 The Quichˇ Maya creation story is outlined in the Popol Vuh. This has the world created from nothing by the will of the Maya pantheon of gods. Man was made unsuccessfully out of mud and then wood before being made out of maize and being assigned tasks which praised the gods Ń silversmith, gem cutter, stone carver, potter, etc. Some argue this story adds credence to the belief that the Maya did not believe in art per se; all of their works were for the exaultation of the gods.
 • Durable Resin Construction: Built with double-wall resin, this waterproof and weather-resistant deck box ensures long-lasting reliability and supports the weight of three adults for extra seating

==

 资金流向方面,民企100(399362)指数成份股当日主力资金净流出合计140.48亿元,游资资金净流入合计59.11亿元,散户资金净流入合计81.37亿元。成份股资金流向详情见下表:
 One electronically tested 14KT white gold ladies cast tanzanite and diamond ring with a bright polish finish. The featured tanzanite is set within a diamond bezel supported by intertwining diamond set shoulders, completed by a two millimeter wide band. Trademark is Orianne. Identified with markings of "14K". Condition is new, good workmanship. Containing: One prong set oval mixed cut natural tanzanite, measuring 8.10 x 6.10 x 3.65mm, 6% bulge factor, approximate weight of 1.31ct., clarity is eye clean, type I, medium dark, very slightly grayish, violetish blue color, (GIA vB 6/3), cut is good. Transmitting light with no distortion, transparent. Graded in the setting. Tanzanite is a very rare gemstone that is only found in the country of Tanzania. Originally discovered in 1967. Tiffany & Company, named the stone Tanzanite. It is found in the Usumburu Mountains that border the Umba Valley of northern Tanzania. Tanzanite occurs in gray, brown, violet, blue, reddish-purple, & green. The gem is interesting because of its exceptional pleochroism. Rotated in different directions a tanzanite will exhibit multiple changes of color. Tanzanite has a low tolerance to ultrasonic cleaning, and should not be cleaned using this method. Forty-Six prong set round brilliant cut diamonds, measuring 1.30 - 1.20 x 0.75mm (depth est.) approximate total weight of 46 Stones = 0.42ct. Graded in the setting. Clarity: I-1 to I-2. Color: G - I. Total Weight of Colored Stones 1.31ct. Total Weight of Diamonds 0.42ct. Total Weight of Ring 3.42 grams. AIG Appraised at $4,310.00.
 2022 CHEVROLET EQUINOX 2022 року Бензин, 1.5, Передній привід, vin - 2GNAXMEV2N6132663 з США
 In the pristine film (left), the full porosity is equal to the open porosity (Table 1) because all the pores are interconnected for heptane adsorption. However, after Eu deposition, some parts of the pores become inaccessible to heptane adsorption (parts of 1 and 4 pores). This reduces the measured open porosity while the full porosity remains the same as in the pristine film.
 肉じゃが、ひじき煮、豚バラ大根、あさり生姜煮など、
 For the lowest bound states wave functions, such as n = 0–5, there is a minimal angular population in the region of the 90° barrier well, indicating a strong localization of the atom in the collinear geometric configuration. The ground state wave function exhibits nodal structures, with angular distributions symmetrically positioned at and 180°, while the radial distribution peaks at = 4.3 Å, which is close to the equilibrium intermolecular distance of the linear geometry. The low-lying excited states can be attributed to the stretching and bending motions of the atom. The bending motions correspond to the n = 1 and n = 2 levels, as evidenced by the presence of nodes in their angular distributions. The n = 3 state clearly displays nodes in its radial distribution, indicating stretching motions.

==

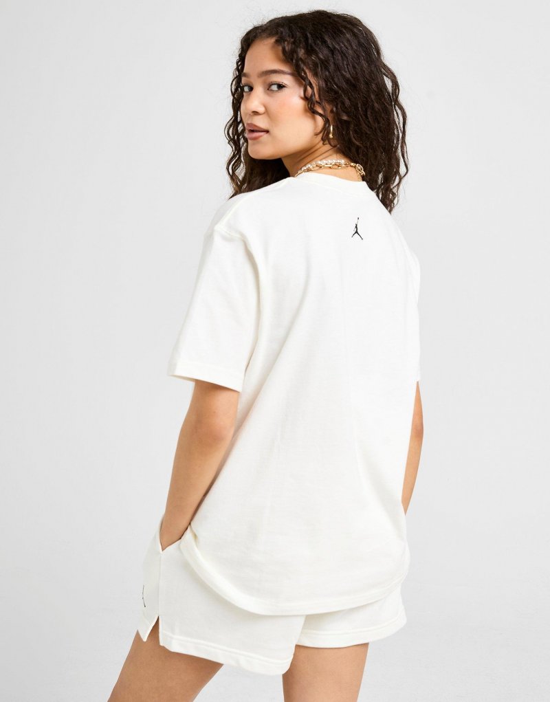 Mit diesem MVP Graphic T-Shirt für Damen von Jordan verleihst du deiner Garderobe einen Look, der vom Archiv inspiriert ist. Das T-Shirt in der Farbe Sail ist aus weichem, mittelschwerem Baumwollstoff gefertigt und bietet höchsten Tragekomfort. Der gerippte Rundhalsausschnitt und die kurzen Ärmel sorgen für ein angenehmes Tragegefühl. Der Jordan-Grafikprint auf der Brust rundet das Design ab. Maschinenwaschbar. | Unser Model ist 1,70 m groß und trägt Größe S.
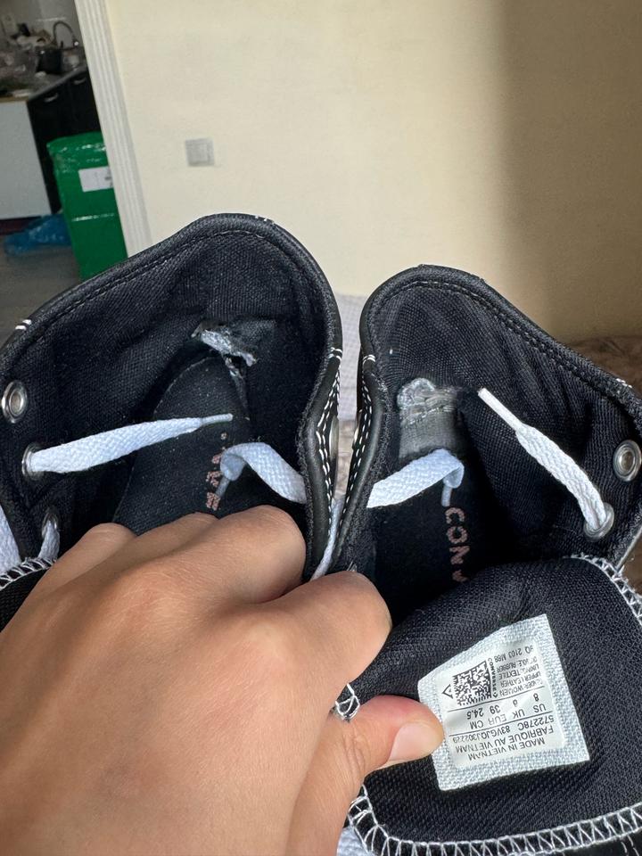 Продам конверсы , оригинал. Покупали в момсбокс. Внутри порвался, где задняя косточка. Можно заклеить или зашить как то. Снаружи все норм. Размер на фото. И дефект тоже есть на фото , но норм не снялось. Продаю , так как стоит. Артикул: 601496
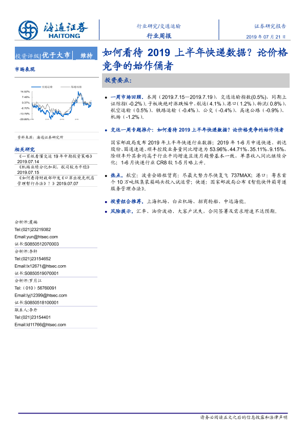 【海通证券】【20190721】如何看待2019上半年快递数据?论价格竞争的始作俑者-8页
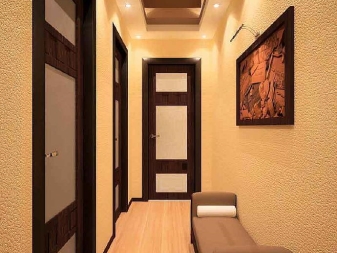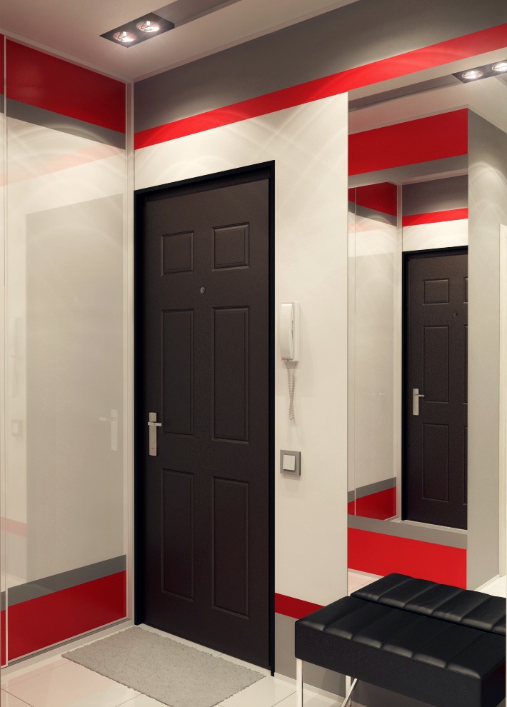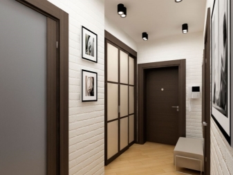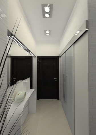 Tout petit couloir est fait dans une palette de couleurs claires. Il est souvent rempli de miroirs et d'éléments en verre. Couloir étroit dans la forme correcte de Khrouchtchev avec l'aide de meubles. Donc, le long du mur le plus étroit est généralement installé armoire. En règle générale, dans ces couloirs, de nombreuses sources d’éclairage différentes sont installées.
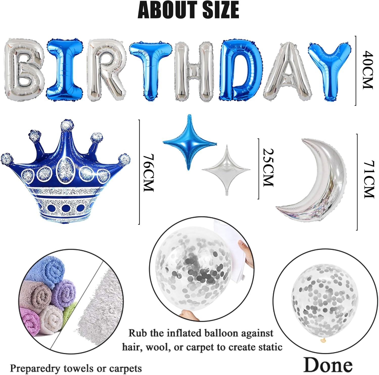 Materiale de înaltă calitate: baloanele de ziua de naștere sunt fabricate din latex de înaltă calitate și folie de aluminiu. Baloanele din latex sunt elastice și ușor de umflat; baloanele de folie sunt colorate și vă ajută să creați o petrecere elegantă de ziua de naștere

• [Work required] Reproduce exactly the lines above from the line with "肉じゃが、ひじき煮、豚バラ大根、あさり生姜煮など、" to the line with "For the lowest", including both, and add nothing.

• [Exercise answer]
 肉じゃが、ひじき煮、豚バラ大根、あさり生姜煮など、
 For the lowest bound states wave functions, such as n = 0–5, there is a minimal angular population in the region of the 90° barrier well, indicating a strong localization of the atom in the collinear geometric configuration. The ground state wave function exhibits nodal structures, with angular distributions symmetrically positioned at and 180°, while the radial distribution peaks at = 4.3 Å, which is close to the equilibrium intermolecular distance of the linear geometry. The low-lying excited states can be attributed to the stretching and bending motions of the atom. The bending motions correspond to the n = 1 and n = 2 levels, as evidenced by the presence of nodes in their angular distributions. The n = 3 state clearly displays nodes in its radial distribution, indicating stretching motions.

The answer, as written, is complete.